## Task directions:
In the entries below, which lines run from the one containing "The BEATRICE MIX32" to the one containing "ЭКСГАУСТЕРНЫЕ ВОРОНКИ Выброс"? Copy exactly those lines, ends included, and no others.

## Extracted entries:

____________________

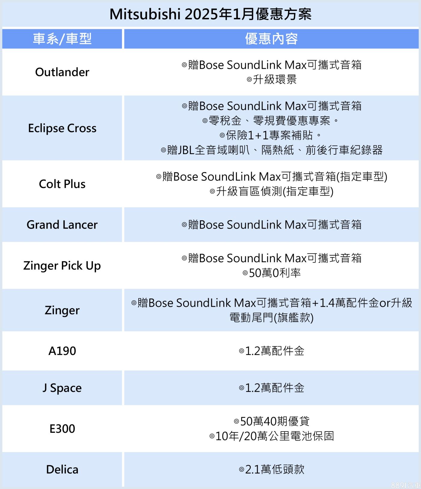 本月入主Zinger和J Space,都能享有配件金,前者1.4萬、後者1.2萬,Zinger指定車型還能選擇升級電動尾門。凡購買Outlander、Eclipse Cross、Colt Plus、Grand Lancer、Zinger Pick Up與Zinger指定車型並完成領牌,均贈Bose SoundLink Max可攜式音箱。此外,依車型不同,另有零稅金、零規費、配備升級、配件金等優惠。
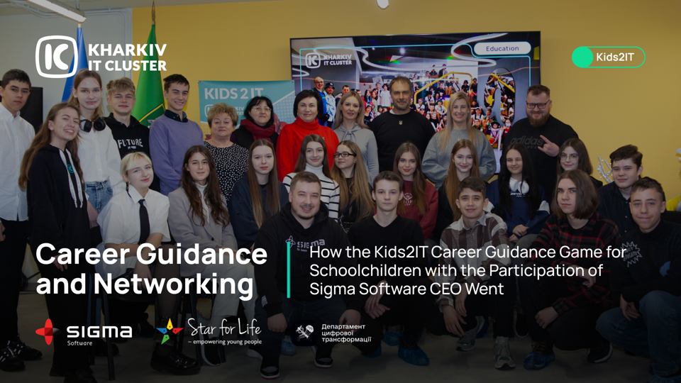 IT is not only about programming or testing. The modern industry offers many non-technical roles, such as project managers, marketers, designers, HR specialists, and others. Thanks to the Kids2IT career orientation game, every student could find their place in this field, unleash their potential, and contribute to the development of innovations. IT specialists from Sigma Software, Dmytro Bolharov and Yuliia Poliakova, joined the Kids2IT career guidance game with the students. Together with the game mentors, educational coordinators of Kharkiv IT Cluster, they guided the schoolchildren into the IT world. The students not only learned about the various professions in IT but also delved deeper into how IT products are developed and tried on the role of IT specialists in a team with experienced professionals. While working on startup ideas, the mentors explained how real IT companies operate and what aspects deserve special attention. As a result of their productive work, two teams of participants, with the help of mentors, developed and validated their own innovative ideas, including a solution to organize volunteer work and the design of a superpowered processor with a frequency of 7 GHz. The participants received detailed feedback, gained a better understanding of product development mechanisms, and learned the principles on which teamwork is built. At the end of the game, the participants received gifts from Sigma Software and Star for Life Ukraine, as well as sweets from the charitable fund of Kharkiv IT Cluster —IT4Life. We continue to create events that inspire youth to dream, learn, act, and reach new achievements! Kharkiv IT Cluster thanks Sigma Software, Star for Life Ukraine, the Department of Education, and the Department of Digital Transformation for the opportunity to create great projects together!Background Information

____________________

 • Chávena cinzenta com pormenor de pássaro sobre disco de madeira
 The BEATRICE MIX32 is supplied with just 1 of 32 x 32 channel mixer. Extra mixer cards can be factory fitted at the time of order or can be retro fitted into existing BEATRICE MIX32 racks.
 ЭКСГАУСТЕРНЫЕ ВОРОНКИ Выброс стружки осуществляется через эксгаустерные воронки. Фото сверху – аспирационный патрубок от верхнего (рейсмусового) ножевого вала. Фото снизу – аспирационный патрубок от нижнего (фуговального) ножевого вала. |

____________________

## Output of the task:
 The BEATRICE MIX32 is supplied with just 1 of 32 x 32 channel mixer. Extra mixer cards can be factory fitted at the time of order or can be retro fitted into existing BEATRICE MIX32 racks.
 ЭКСГАУСТЕРНЫЕ ВОРОНКИ Выброс стружки осуществляется через эксгаустерные воронки. Фото сверху – аспирационный патрубок от верхнего (рейсмусового) ножевого вала. Фото снизу – аспирационный патрубок от нижнего (фуговального) ножевого вала. |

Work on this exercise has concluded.